■ Supplied records
##############################

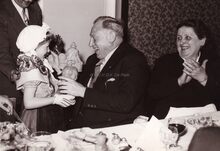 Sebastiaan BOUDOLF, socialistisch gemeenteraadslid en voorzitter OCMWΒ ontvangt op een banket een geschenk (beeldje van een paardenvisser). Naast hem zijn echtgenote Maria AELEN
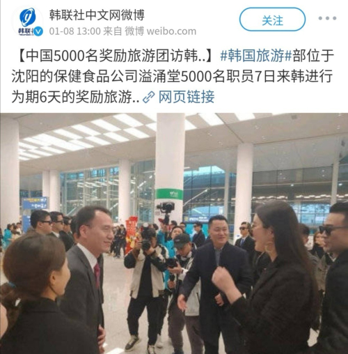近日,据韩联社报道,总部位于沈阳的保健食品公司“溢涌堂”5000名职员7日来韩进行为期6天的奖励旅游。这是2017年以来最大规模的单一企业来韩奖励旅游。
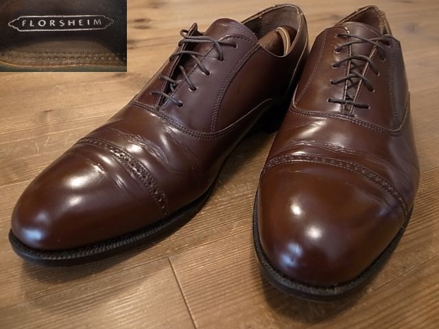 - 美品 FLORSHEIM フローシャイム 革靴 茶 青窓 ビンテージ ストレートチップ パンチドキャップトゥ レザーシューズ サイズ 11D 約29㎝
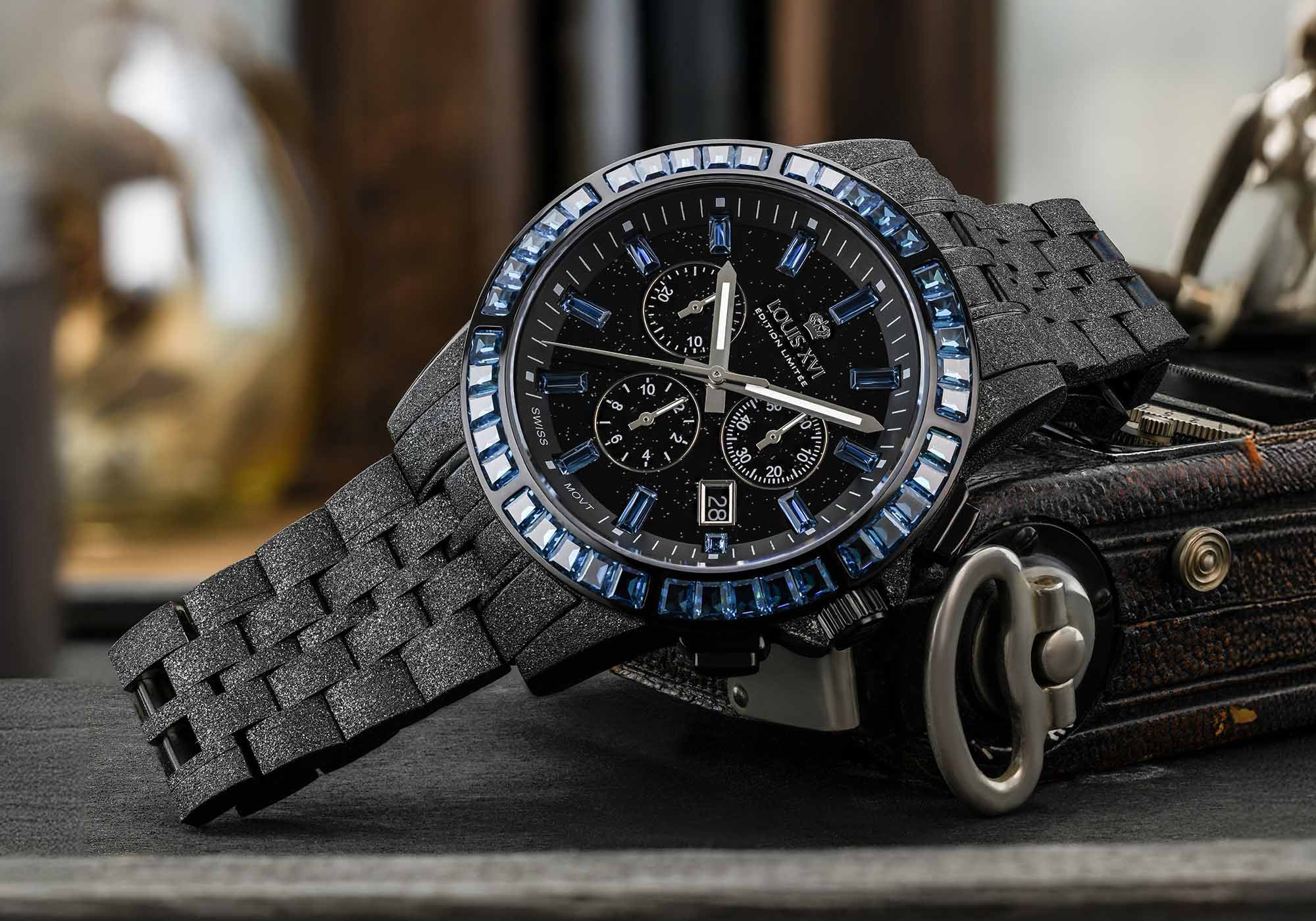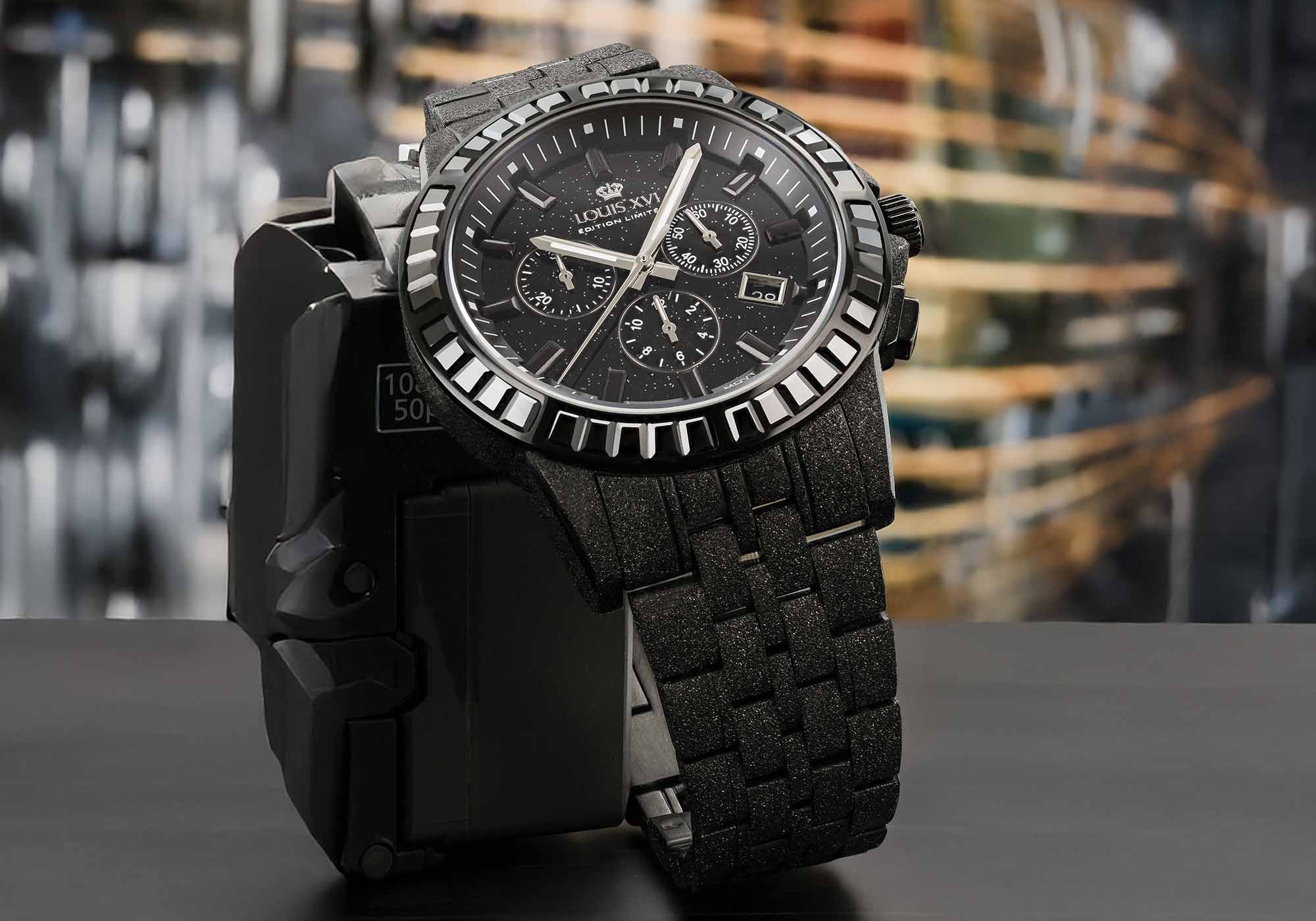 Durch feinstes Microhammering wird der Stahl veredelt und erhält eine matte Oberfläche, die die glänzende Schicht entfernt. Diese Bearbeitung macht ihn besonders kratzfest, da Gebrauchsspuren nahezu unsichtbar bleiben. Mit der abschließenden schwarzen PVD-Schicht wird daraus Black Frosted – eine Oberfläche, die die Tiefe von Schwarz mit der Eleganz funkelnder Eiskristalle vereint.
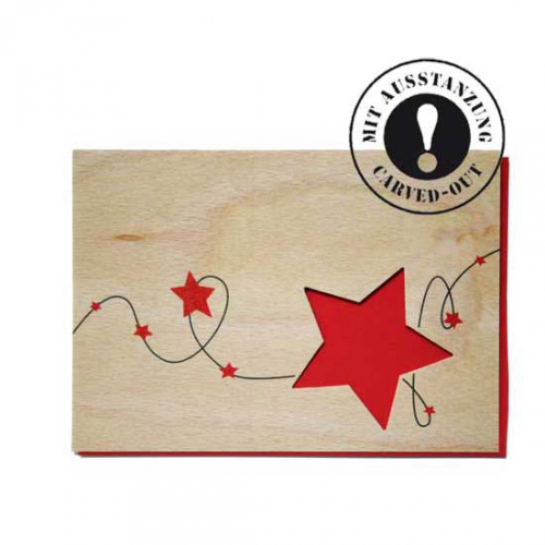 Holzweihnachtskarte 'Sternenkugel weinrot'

##############################

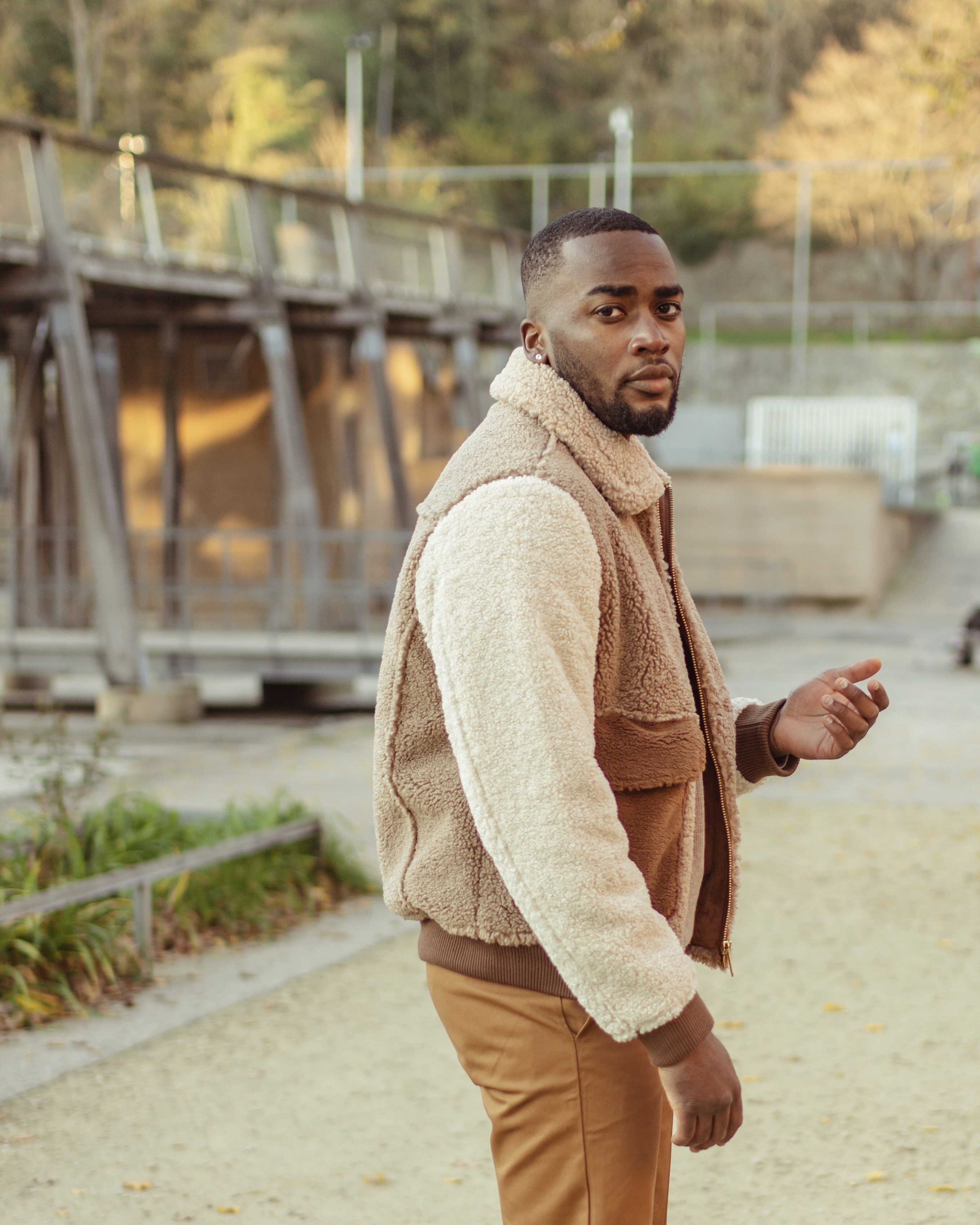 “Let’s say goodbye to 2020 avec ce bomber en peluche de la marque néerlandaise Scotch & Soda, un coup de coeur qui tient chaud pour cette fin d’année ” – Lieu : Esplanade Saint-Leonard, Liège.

##############################

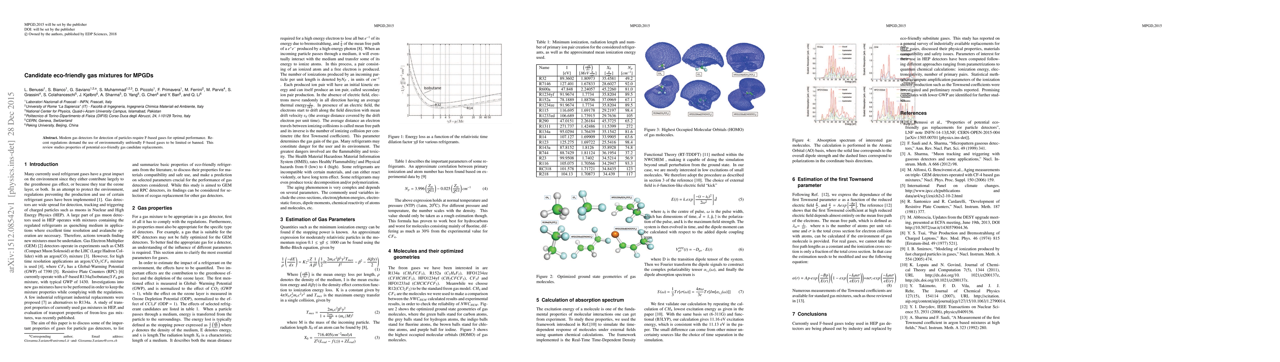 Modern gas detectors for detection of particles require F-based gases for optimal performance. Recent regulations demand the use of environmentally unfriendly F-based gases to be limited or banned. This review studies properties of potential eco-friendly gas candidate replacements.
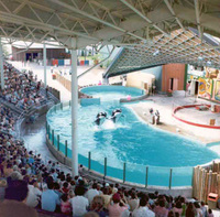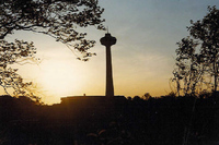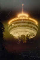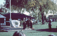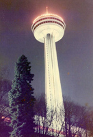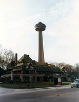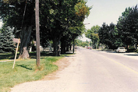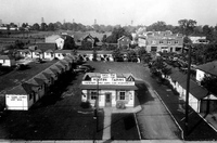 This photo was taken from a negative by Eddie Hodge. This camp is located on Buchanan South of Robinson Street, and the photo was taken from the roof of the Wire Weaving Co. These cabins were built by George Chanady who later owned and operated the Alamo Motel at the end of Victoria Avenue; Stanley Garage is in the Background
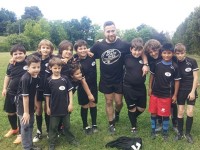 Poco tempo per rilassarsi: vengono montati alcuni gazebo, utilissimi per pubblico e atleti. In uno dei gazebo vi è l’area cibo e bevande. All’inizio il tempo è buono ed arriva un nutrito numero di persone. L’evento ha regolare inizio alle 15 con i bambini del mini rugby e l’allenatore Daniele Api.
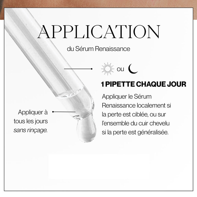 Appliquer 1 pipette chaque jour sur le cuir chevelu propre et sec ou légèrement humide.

##############################

Each line above that falls between the line with "近日,据韩联社报道,总部位于" and the line with "Holzweihnachtskarte 'Sternenkugel weinrot'" should be printed exactly, together with those two lines, but the pictures should not.

近日,据韩联社报道,总部位于沈阳的保健食品公司“溢涌堂”5000名职员7日来韩进行为期6天的奖励旅游。这是2017年以来最大规模的单一企业来韩奖励旅游。
 - 美品 FLORSHEIM フローシャイム 革靴 茶 青窓 ビンテージ ストレートチップ パンチドキャップトゥ レザーシューズ サイズ 11D 約29㎝
 Durch feinstes Microhammering wird der Stahl veredelt und erhält eine matte Oberfläche, die die glänzende Schicht entfernt. Diese Bearbeitung macht ihn besonders kratzfest, da Gebrauchsspuren nahezu unsichtbar bleiben. Mit der abschließenden schwarzen PVD-Schicht wird daraus Black Frosted – eine Oberfläche, die die Tiefe von Schwarz mit der Eleganz funkelnder Eiskristalle vereint.
 Holzweihnachtskarte 'Sternenkugel weinrot'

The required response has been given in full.